What the task requires
Return the lines that run from the beginning of the entries to the line holding "The controller charger station for Xbox with", inclusive, and drop the pictures.

⁂

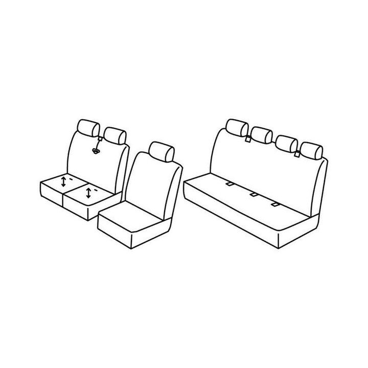 custom-made fabric seat cover set for front (1 front seat + armrest + headrests) + (Front bench: Seat + Backrest + Headrests (2 seats)) + 4-seater rear bench
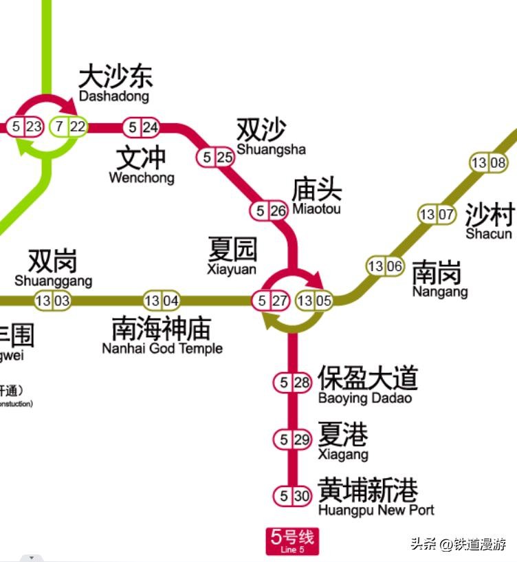 地铁方面,广州市内新增了5号线东延段和7号线二期,其中,5号线东延段由原来的文冲站延长到了黄埔新港,同时在夏园和13号线换乘。五号线东延段全长9.8公里,从既有五号线文冲站向东延伸,共设双沙、庙头、夏园、保盈大道、夏港、黄埔新港等6座车站,与东莞市仅一江之隔的黄埔新港站还预留了继续向东延伸与东莞地铁换乘的条件。预计十二月底通车运营。
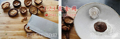 6、把处理好的冬菇背面在干淀粉里蘸一下。这样做可以防止肉馅脱落。
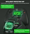 The controller charger station for Xbox with rechargeable battery pack takes 2.5 hours charging for 20 hours of power. The controller charger station for Xbox built in intelligent protection chip, prevent to be over currents, over heating, over voltage, short circuit.
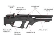 Hatsan has answered the call for a semi-auto bullpup air rifle in a big way! The Hatsan Bullmaster air rifle looks like it came straight off the silver screen or the pages of a sci-fi novel. This beast of an air rifle is available in both .177 and .22 caliber, features rotary magazines for quick reloading, a 500cc on board air tank, and Hatsans unique gas operated semi-auto action. If youre looking for a gun that can fire as fast as you can pull the trigger, youve found your match! The Hatsan gas operated semi-auto system is what really sets the Bullmaster apart from other attempts made at semi auto air rifles using electronic or mechanical actions. By using recycled gasses from the firing cycle the Hatsan Bullmaster is able to obtain both quick follow up shots as well as achieve a smooth trigger pull making this rifle one of the fastest shooting on the market. The Bullmaster also features a rugged polymer stock with an adjustable cheek pad and onboard magazine storage so you can easily carry extra ammo. Speaking of magazines each Bullmaster rifle comes with 3 included mags to keep you shooting. The rotary magazines are available in 14 shot capacity in .177 and 12 shot capacity in .22 caliber. The stock also has magazine caddies to store your two extra mags. Perfect for hunting or fast action plinking, the Bullmaster bullpup ushers in a whole new experience to airgunning, and while it may not be the first semi-auto to the market, we think that for the price it certainly is one of the best. Make sure to add a few more magazines and a whole lot of pellets to your order, this gun is hungry! Hatsan Bullmaster Features:
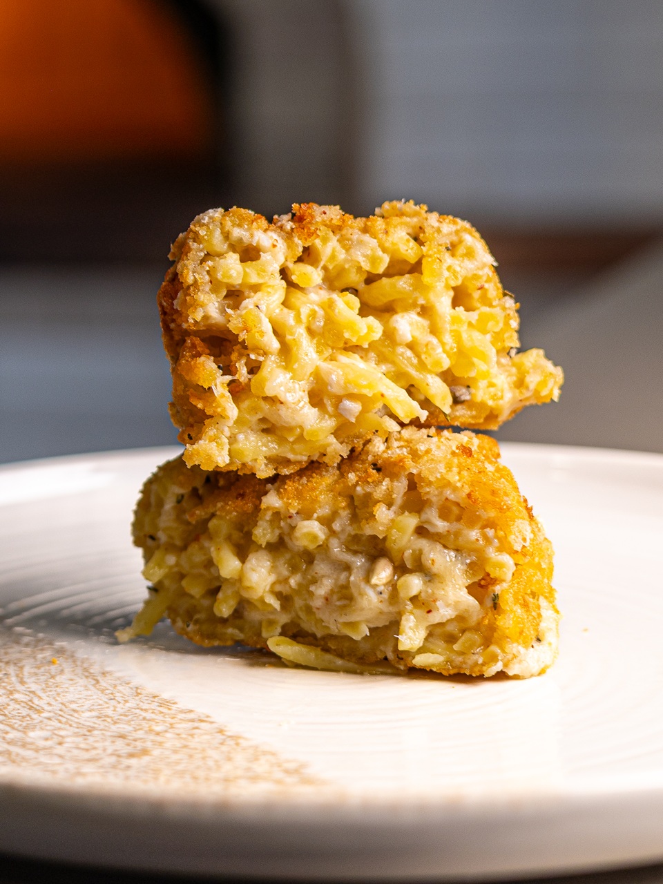 Questa preparazione si collega alla tradizione della cucina romano-giudaica, in particolare alla ricetta di un primo piatto tramandata a Raoul dai suoi nonni, che lui ha deciso di reinterpretare trasformandola in un fritto per aggiungere croccantezza e gusto, ma mantenendo intatta la leggerezza che la contraddistingue. Questa ricetta incarna perfettamente la filosofia del suo locale: quella di riportare in vita ricette tradizionali, antiche e talvolta dimenticate, per farle risplendere ancora una volta sulle tavole del quartiere.
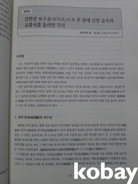 “신안船 ”(전남 新安군에서 발견된 沈沒船이라 하여 이렇게 불려짐) 에 대한 연구 성과.주로 선적된 도자기에 대한 연구와 전시는 많았으나,침몰된 선박 자체에 대한 연구는 그리 많지 않았다 포함일본과 중국의 연구 성과
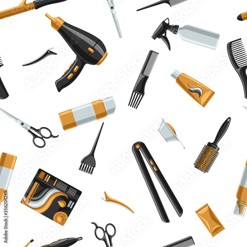 seamless hairdressing tools pattern: hair dryer, hair spray, clipper, comb, scissors, clip and bobby pins- vector illustration
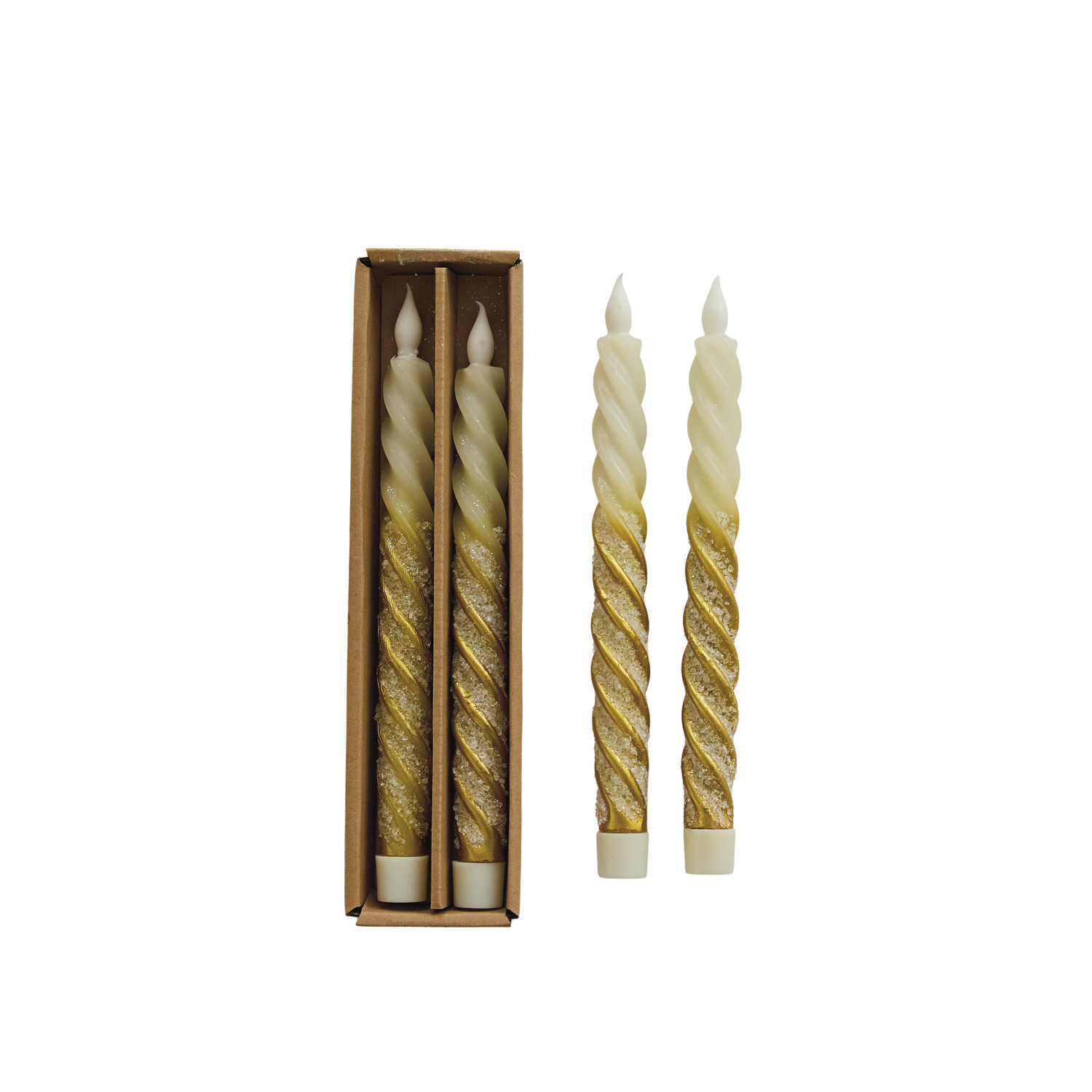Catalog Name: 9-3/4"H Flameless LED Two-Tone Twisted Taper Candles w/ 6 Hour Timer in Box, Gold & Cream Color w/ Sugar, Set of 2 (Requires 2-AA Batteries)
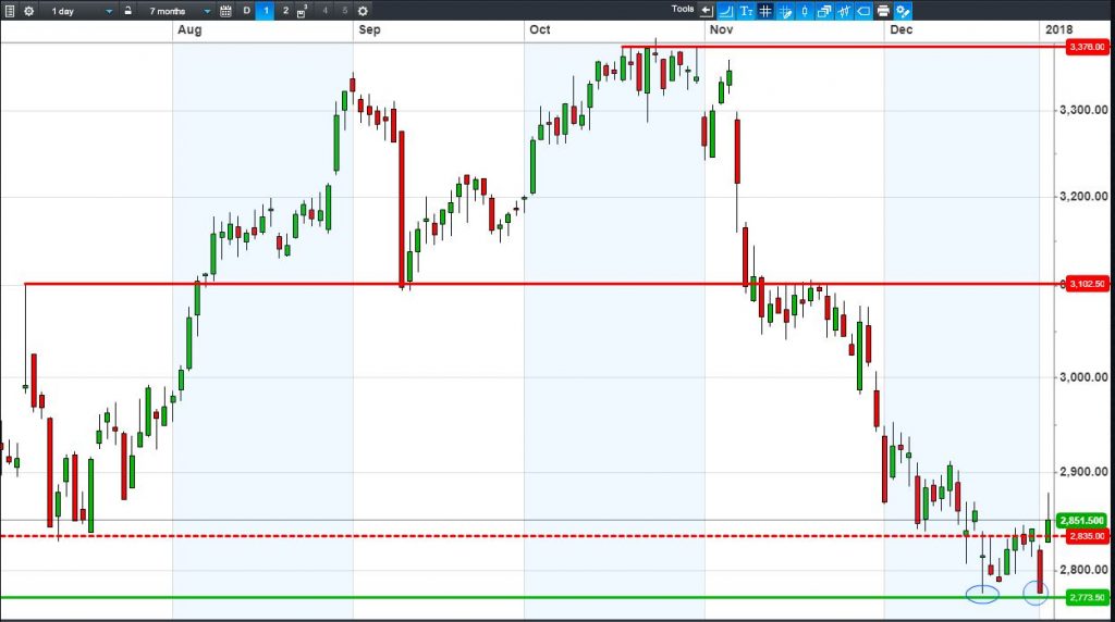 • Will the price fall towards lows of 2773p (-2.7%)? or;

⁂

Reply
 custom-made fabric seat cover set for front (1 front seat + armrest + headrests) + (Front bench: Seat + Backrest + Headrests (2 seats)) + 4-seater rear bench
 地铁方面,广州市内新增了5号线东延段和7号线二期,其中,5号线东延段由原来的文冲站延长到了黄埔新港,同时在夏园和13号线换乘。五号线东延段全长9.8公里,从既有五号线文冲站向东延伸,共设双沙、庙头、夏园、保盈大道、夏港、黄埔新港等6座车站,与东莞市仅一江之隔的黄埔新港站还预留了继续向东延伸与东莞地铁换乘的条件。预计十二月底通车运营。
 6、把处理好的冬菇背面在干淀粉里蘸一下。这样做可以防止肉馅脱落。
 The controller charger station for Xbox with rechargeable battery pack takes 2.5 hours charging for 20 hours of power. The controller charger station for Xbox built in intelligent protection chip, prevent to be over currents, over heating, over voltage, short circuit.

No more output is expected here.